Court Brings Back Subsidies for Tribal Wireless Providers

WASHINGTON (CN) – The D.C. Circuit on Friday vacated an order by the Federal Communications Commission limiting federal subsidies for wireless providers bringing service to tribal lands, finding it unfairly impacted access and affordability for Native Americans.  

Under the Lifeline Assistance Program, which began in 1985 to make voice and broadband services more widely available, phone and internet providers were eligible for a federal monthly subsidy of up to $34.25 per household for serving low-income people who live on tribal lands.

Even if the provider did not own its own facilities and resold service to customers, the FCC traditionally allowed these companies to participate in the program on a case-by-case basis.

But the FCC made a rule change in 2017 that cut these resale providers off from the subsidy, and it made it so that providers are only eligible for the subsidy of $34.25 per household if the tribal lands they service are in rural areas.

On Friday, a three-judge panel of the D.C. Circuit found the two limitations unfair to customers on tribal lands and wireless providers who are excluded from subsidies under the new rules.
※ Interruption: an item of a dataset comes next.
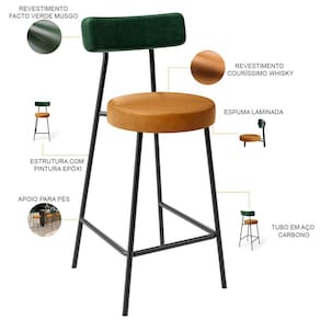 Amplamente moderna, dispondo de muito realce e design singular, a Banqueta Baixa Para Cozinha Sala De Jantar Bar Bancada Milão L02 Verde Musgo Couríssimo Whisky - Lyam Decor vem com a personalidade e elegância que sua decoração merece! Estruturada em aço carbono, contrasta lindamente com o encosto e assento estofados, cabe mencionar ainda seu revestimento em Couríssimo, é confeccionada por materiais de excelente qualidade, extremamente resistentes e aconchegantes.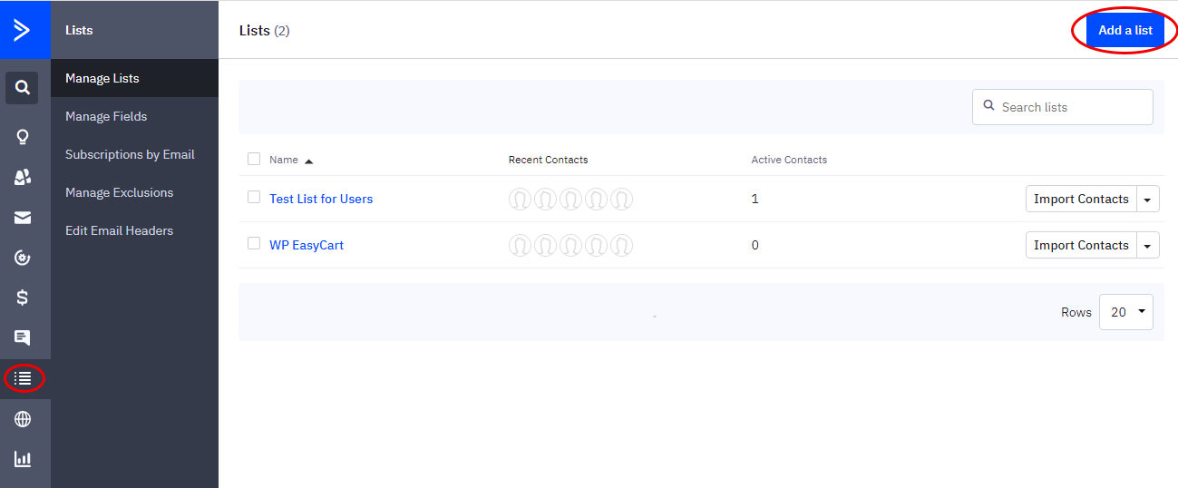 4. Next, you must create an ActiveCampaign List in order to save your subscribers to. Without a list, they don’t know where to store your subscribers. Navigate back to your ActiveCampaign dashboard and select ‘Lists‘ on the left menu and create new. Give it a new name and that’s it!

The court had appeared sympathetic to the providers at oral arguments in October.

U.S. Circuit Judge Judith Rogers wrote that the FCC did now show that banning resellers from the tribal Lifeline program would promote network build-out, rejecting its argument that such a restriction would enhance long-term investment in tribal infrastructure. 

“The commission ignored that its decision is a fundamental change that adversely affects the access and affordability of service for residents of tribal lands,” the 27-page opinion states.

Rogers also said the FCC’s order “does not indicate consideration of facilities-based providers’ unwillingness to offer tribal Lifeline services,” noting that large providers with their own facilities such as AT&T, T-Mobile, Sprint and Verizon do not offer those services.

In addition, the court found that the FCC did not give adequate notice of the rule change and neglected to include important details in its proposal.

U.S. Circuit Judges Thomas Griffith and Raymond Randolph joined Rogers on the unanimous panel.

Former FCC Commissioner Michael Copps applauded the ruling, criticizing the current board led by Chairman Ajit Pai.

“It’s really good news that court today vacated FCC’s restrictive Tribal Lifeline Order which would have wreaked havoc on communications in tribal lands,” Copps said. “Pai’s majority just can’t seem to get things right.”